| Iowa | Oct 13, 1893

Oranger, J.

The grounds upon which the divorce is sought are drunkenness and adultery. Both grounds are fully established by the testimony. It is true that, as to the latter ground, there is no direct testimony showing the act of adultery, but the circumstances leave little room to doubt the fact, even though he denies it by his evidence. He visited houses of prostitution, and there is evidence to the effect that on one occasion he retired to a room with one of the inmates. On one occasion, during the absence of his wife from home, two prostitutes were brought to his *301house, and remained all night. He denies having knowledge of their real character, but when his course of life is considered, and the circumstances under which they came to his house, it is difficult to believe that they were there except with knowledge on his part of their character and mission. Under such circumstances, his denial of acts of adultery are of little force. We have no doubt whatever of the fact. ' The charge of drunkenness is equally well, if not better established. It is not important to consider the facts. The testimony, to our minds, is too plain to admit of doubt.

The parties were married in New York in 1880, and came to Harrison county, Iowa, where they have since resided. At the time of the marriage she was forty-eight years of age and he nineteen.
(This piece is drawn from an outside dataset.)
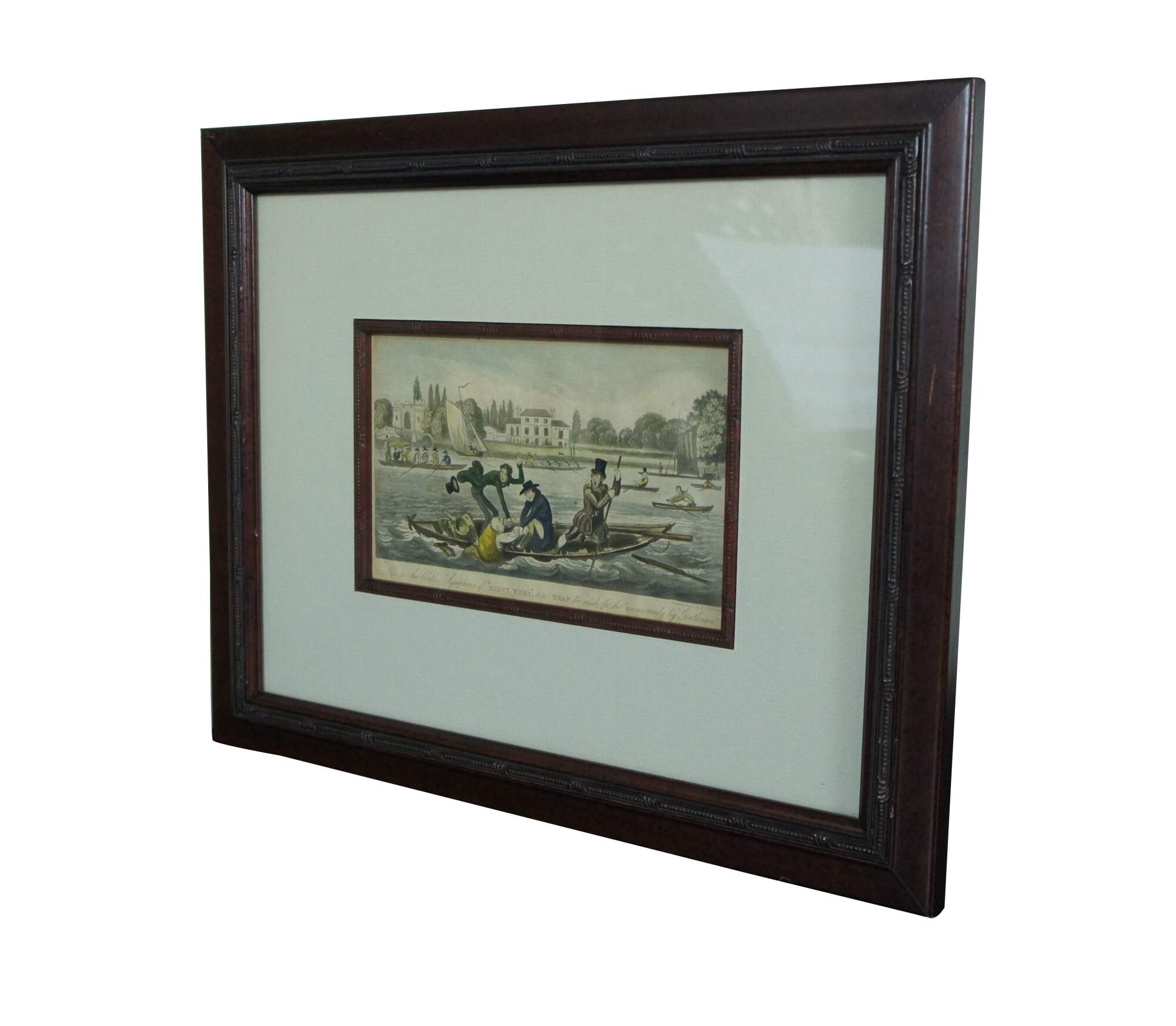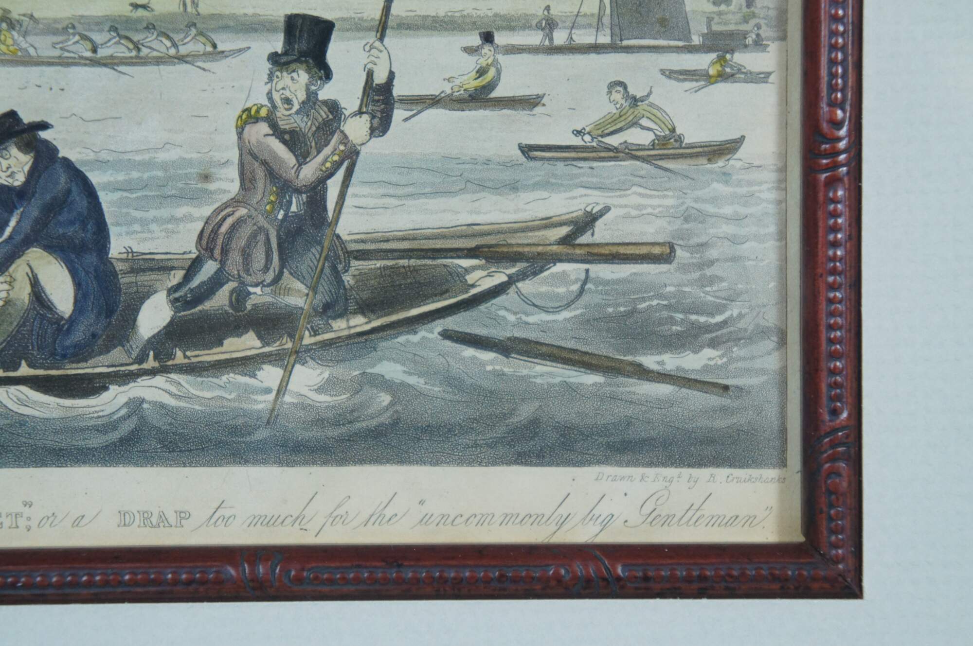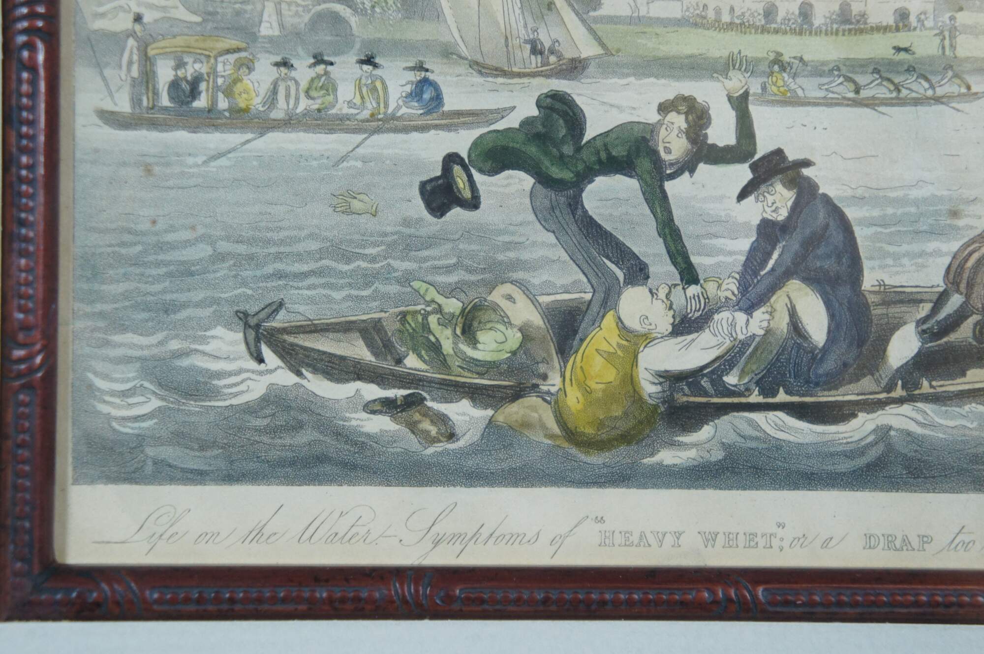 Early 19th century hand colored comedic satirical nautical maritime rowing engraving titled "Life on the Water. Symptoms of "Heavy Whet;" or a Drap too much for the 'uncommonly big Gentleman.'" Drawn and engraved by Robert Cruikshanks. Speckled wood frame with carved beaded / rope twist detail and inner border; white mat.

She had about five thousand dollars in money, and with a part of it she bought two hundred acres of land in Harrison county, and the same was improved, and has been the home of the parties most of the time since. It is in dispute in the testimony whether or not there has been a gain or loss of property during the years of their marriage. The defendant has done some work on the farm, but on the whole his course of life, in drinking and gambling, has been such that he has been a detriment, rather than a benefit, in the way of accumulating property. He has, however, received from her considerable property. It is, perhaps, unfortunate that the two should have married, but if so, it is no excuse whatever for the course of life adopted by the defendant. The testimony does not show that she was at all in fault for his conduct, or wanting in the proper discharge of her duties. He has chosen a dissolute and profligate life, and to such an extent as to forfeit his marital relations with the plaintiff.

The petition of the plaintiff asks alimony, which, as we understand, the district court did not allow. Because of some language in the decree, there seems *302to be doubt on this point, but the appellee disclaims such a construction, and the decree will be construed as having no such effect. The answer of the defendant asks, in case of a decree of divorce, that a part of the property be granted to him. The district court correctly denied such relief. It is not a case where the party in fault is entitled to alimony. The decree is AEEIRMED.